Corktown is a neighborhood located in Detroit, Michigan. It is the oldest extant neighborhood in the city. The current boundaries of the district include I-75 to the north, the John C. Lodge Freeway (The Lodge) to the east, Bagley and Porter streets to the south, and Rosa Parks Boulevard (12th Street) to the west. The neighborhood was listed on the National Register of Historic Places in 1978.
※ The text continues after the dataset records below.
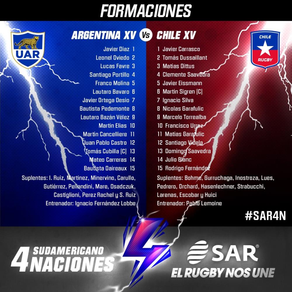 El Head Coach de Argentina XV, Ignacio Fernández Lobbe, confirmó el equipo que debutará ante Chile en el estadio Charrúa de Montevideo, el próximo sábado 17 de octubre desde las 16 horas, correspondiente al 4 Naciones organizado por Sudamérica Rugby. El conjunto nacional no disputa un encuentro oficial desde el 16 de junio de 2019, cuando cayó derrotado 28-15 ante Uruguay, por la Nations Cup.
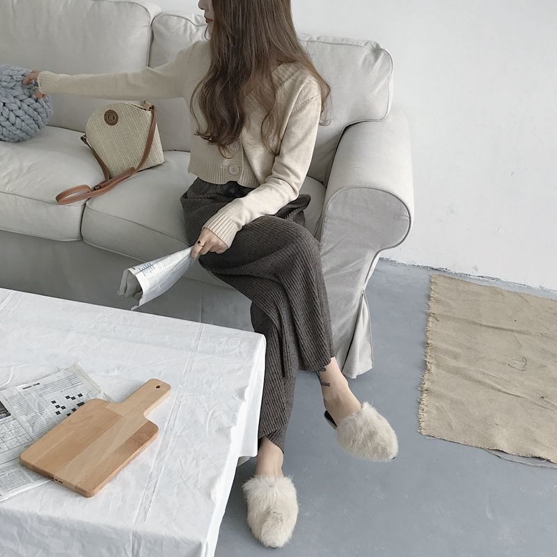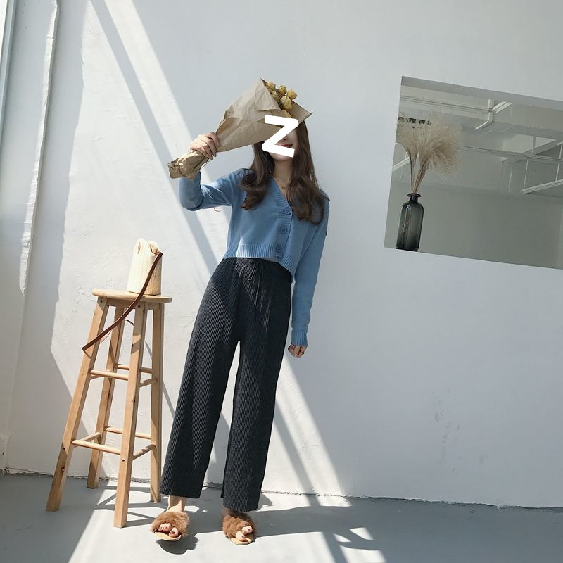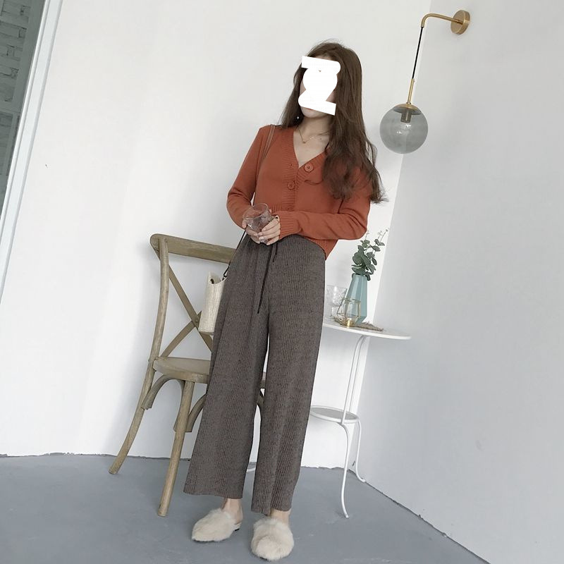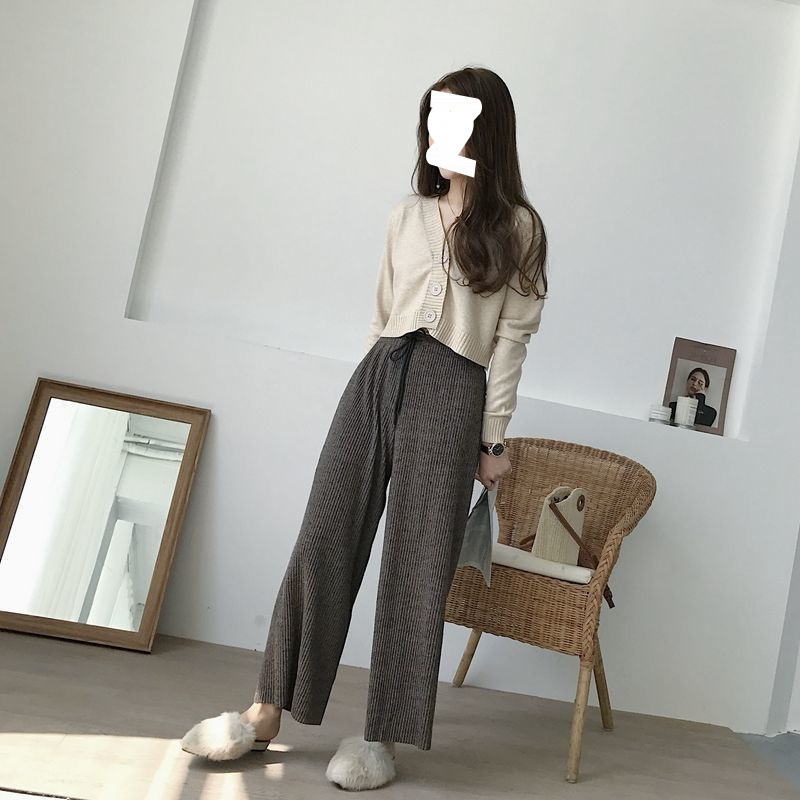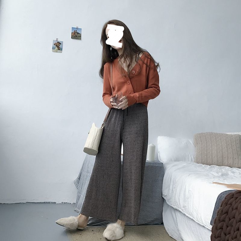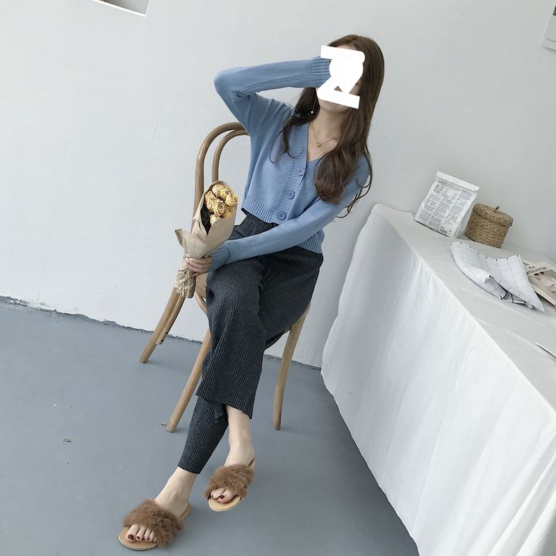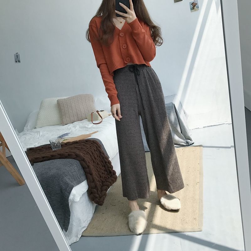 香港の味のレトロなvネックの高腰の短いニットの組み合わせの純色の修身の長袖のボタンのセーターのカーディガンのコートの女性
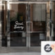 Ein White-Script-Firmenname-Branding-Fenster Dekorieren und Fensterklammern mit Geschäftsnamen und Untertitel. Ein personalisiertes Schaufenster, ideal für Schaufenster und Türbeschilderungen. Ideal für einen Geschäftshändler, der seine Haustür dekorieren oder sein Firmenname und seine Markendarstellung verändern möchte.
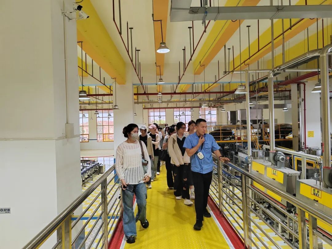 活动现场,在企业工作人员的带领下,学院学生代表依次参观了海南椰树集团自动化生产流水线,全流程智能化、标准化的生产作业,让同学们直观感受到企业先进的生产工艺与严谨的品控管理。工作人员还为师生详细讲解了海南椰树集团的发展历史,同学们认真聆听企业的发展故事,感受企业艰苦奋斗、改革创新的发展精神,深入了解企业在品牌建设、市场拓展、产品研发等方面的发展历程与辉煌成就,进一步增强了对海南本土企业、本土产业的认同感与自豪感。
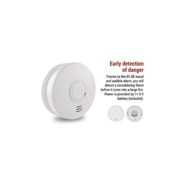 Ανιχνευτής καπνού EMOS P56503 /TSS910A/ σχεδιασμένος για τη μακροπρόθεσμη ασφάλεια του σπιτιού ή του γραφείου σας. Προστατεύει αξιόπιστα σε χώρους με υψηλότερο κίνδυνο πυρκαγιάς, όπως κουζίνες ή σαλόνια.Εξοπλισμένος με οπτική και ακουστική σηματοδότηση, ενεργοποιεί συναγερμό με ένταση ήχου >85 dB, ακουστός έως και 3 μέτρα. Συνδυάζει οπτική και ακουστική προειδοποίηση για έγκαιρη ειδοποίηση.Εύκολη εγκατάσταση και απλή λειτουργία με τροφοδοσία 1× 9 V που περιλαμβάνεται. Μπορεί να τοποθετηθεί στον τοίχο ή να είναι ανεξάρτητος, χωρίς πολύπλοκες συνδέσεις.
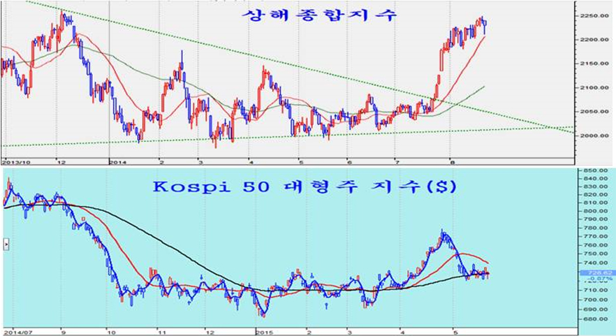 상해 종합주가지수가 상승이 시작되기 전, 2013년 12월부터 1월 중순까지 급락을 거쳐 6개월간 어떤 모멘텀도 작용하지 않는 지루한 정체 과정이 이어진 후 상승이 시작되었는데, 이 모습은 달러로 환산해서 보는 Kospi 50 지수의 모습과 흡사하다. 지난해 9월 이후 10월 중순까지 급락을 거친 kospi 50 지수는 6개월이 넘는 기간 중국 상해종합지수보다 더 지루한 조정이 이어지고 있다. 이러한 시련이 중국과 같은 급등을 위한 필요 조건이라면 kospi 50 지수는 이미 이 조건을 갖춘 것이라 하겠다.
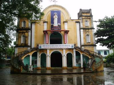 In the morning I stopped by the huge pink Danang cathedral which was filled far past capacity (with a few dozen people on stools outside) for the 5am Mass (the standard time for Vietnamese churches - would Catholicism exist in America if this were the only service offered?). I grabbed breakfast at a stand serving up purple porridge - I later discovered that this was one of many such stalls in the city which serves baby food to mothers with infants - nevertheless, it was tasty and had all the nutrients a growing boy needs.

The Corktown Historic District is largely residential, although some commercial properties along Michigan Avenue and Trumbull Avenue are included in the district. Along with its registraion as national historic place, Corktown is designated as a City of Detroit Historic District. The neighborhood contains many newer homes and retains some original Irish businesses. Ford's 2018 acquisition of Michigan Central Station has spurred significant development and revitalization efforts in Corktown, transforming it into a burgeoning hub of innovation and urban renewal. "Corktown" is a frequent North American toponym for neightbourhoods settled by Irish immigrants.

==History==
The Great Famine of Ireland of the 1840s resulted in extensive Irish migration to the United States and Canada. By the middle of the 19th century, they were the largest ethnic group settling in Detroit. Many of these newcomers settled on the west side of the city; they were primarily from County Cork, and thus the neighborhood came to be known as Corktown. By the early 1850s, half of the population of the 8th Ward (which contained Corktown) were of Irish descent. Historically, the neighborhood was roughly bounded by Third Street to the east, Grand River Avenue to the north, 12th Street to the west, and Jefferson Avenue/Detroit River to the south.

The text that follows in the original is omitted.